Immaginate questa scena: è il 2012, siamo a Sperlonga, una località di mare molto amata del sud pontino. Un militare dell’esercito viene fermato dai Carabinieri. Gli viene chiesto di fare l’alcoltest, ma lui si rifiuta.
Fino a qui, potremmo pensare a un episodio che, pur grave, si risolverà in poco tempo. E invece no. Questa storia si è trascinata per più di dieci anni, ed è finita con una sospensione dal lavoro di nove mesi. Ma andiamo con ordine.
Il rifiuto di sottoporsi all’alcoltest da parte del militare e le conseguenze
Il militare protagonista di questa vicenda, nel 2012, fu coinvolto in un controllo stradale. Non ci sono prove che fosse ubriaco, ma ha rifiutato di fare il test dell’etilometro. Questo rifiuto, da solo, è considerato un comportamento scorretto, sia per la legge che – soprattutto – per il Codice disciplinare militare.

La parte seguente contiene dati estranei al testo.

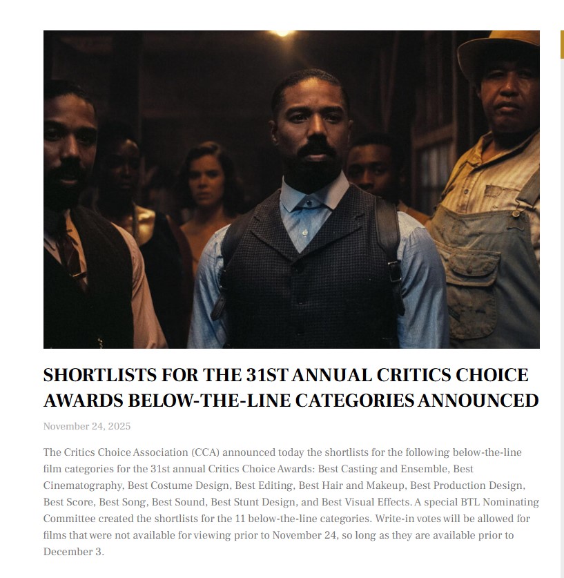 รางวัล Critics Choice Award ครั้งที่ 31 จะเริ่มทำการโหวตตั้งแต่วันที่ประกาศ Shortlist จนถึงวันที่ 3 ธ.ค. 2568 และจะประกาศรายชื่อผู้เข้าชิงรางวัล Critics Choice Award ทั้งสายภาพยนตร์ และโทรทัศน์ในวันที่ 5 ธ.ค. 2568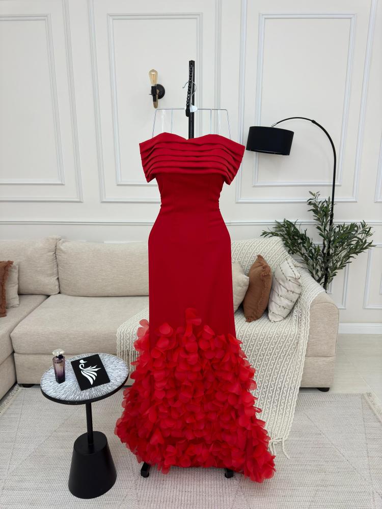 فستان سهره انيق لونين زيتي+ احمر 0067

Infatti, anche se il processo penale è stato chiuso nel 2019 (e pure per prescrizione, quindi senza condanna), per l’esercito la questione era tutt’altro che finita. Nel 2021, il Ministero della Difesa ha deciso di punirlo con 9 mesi di sospensione dal servizio, tagliandogli anche parte dell’anzianità di grado.
Ma non era “finita” con la prescrizione?
Questa è proprio la parte interessante: no, non era finita. Nelle Forze Armate, la disciplina interna segue regole sue. Anche se il reato non viene punito penalmente, un comportamento scorretto – come non collaborare con le forze dell’ordine – può comunque costare caro. Perché chi indossa una divisa ha responsabilità in più rispetto agli altri cittadini.

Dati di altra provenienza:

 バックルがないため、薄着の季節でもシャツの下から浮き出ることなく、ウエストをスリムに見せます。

E non è solo una questione di legge. È anche una questione d’immagine, di esempio, di fiducia. Il militare, secondo i giudici, ha violato il giuramento fatto quando ha scelto di servire lo Stato. E questo pesa, eccome.
Non è mai troppo tardi (per punirlo)
Un altro punto curioso della vicenda è che il militare ha provato a difendersi dicendo: “Mi hanno punito troppo tardi, i termini erano scaduti”.
Ma anche qui il TAR (Tribunale Amministrativo Regionale) è stato chiaro: i tempi sono stati rispettati, perché il Ministero ha avviato il procedimento disciplinare entro i limiti previsti per il personale militare, non quelli per i dipendenti civili.
E così, niente scappatoie. Il TAR ha fatto notare che non era la prima volta. Lo stesso militare aveva già ricevuto altre sanzioni, alcune proprio per situazioni legate all’abuso di alcol. Insomma, non era un caso isolato, ma l’ennesimo episodio di una condotta giudicata inadeguata.
Il ricorso del militare è stato respinto. Per i giudici, la punizione è giusta, proporzionata e motivata.
Non importa se la giustizia penale ha archiviato il caso: le Forze Armate hanno il dovere di tutelare la propria reputazione e chi sbaglia – anche “solo” rifiutandosi di fare un test – deve pagarne le conseguenze.
Insomma, quando si indossa una divisa, ogni gesto conta. Anche un semplice “no” detto a un Carabiniere può avere effetti che durano anni. E la disciplina militare non dimentica facilmente, soprattutto se ci sono precedenti.